By Mayo Clinic staff

Although there's no cure for polymyositis, treatment can improve your muscle strength and function. The earlier treatment is started in the course of polymyositis, the more effective it is, leading to fewer complications.

Drugs

  • Corticosteroids. These medications suppress your immune system, limiting the production of antibodies and reducing muscle inflammation, as well as improving muscle strength and function. Corticosteroids, especially prednisone, are usually the first choice in treating inflammatory myopathies such as polymyositis.

    Your doctor may start with a very high dose, and then decrease it as your signs and symptoms improve. Improvement generally takes about two to four weeks, but therapy is often needed for years.

    Prolonged use of corticosteroids can have serious and wide-ranging side effects, so your doctor may recommend supplements to combat them, such as calcium and vitamin D, and may prescribe bisphosphonates, such as alendronate (Fosamax), risedronate (Actonel) or zoledronic acid (Reclast). Bisphosphonates in pill form may not be recommended if you have difficulty swallowing.

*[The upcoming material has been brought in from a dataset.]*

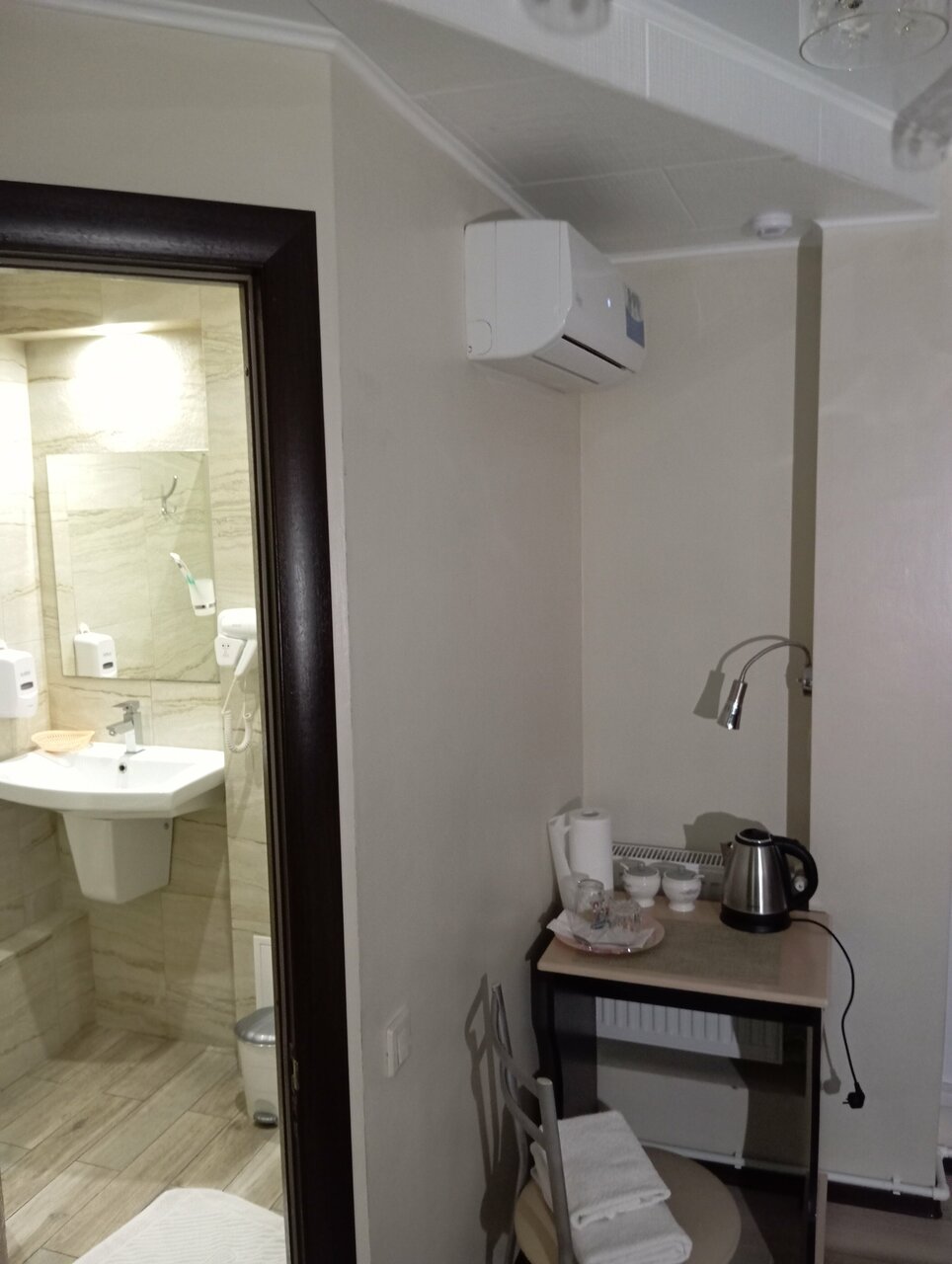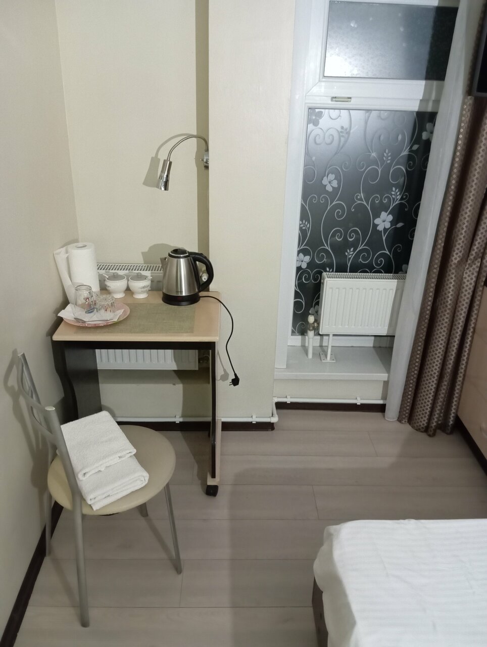 Хороший мини отель. Чисто. Уборка каждый день. Есть все необходимое. Удобное расположение. Рядом есть остановка автобуса, магазин Пятёрочка. В отеле можно попить чай, кофе ,приготовить еду, а можно заказать завтрак у сотрудников.Рекомендую.

  • Corticosteroid-sparing agents. Your doctor may recommend other medications, either to decrease side effects or if your condition doesn't respond to corticosteroids. These medications include azathioprine (Imuran) or methotrexate (Rheumatrex). Your doctor may prescribe these alone or in combination with corticosteroids.

    When in combination, these additional immunosuppressants can be used to lessen the dose and potential side effects of the corticosteroid. Immunosuppressants, such as cyclophosphamide (Cytoxan) and cyclosporine (Neoral, Sandimmune), may improve signs and symptoms of polymyositis and interstitial lung disease.

Antibody therapy

  • Intravenous immunoglobulin (IVIg). Immunoglobulin contains healthy antibodies from blood donors. High doses can block the damaging antibodies that attack muscle in polymyositis.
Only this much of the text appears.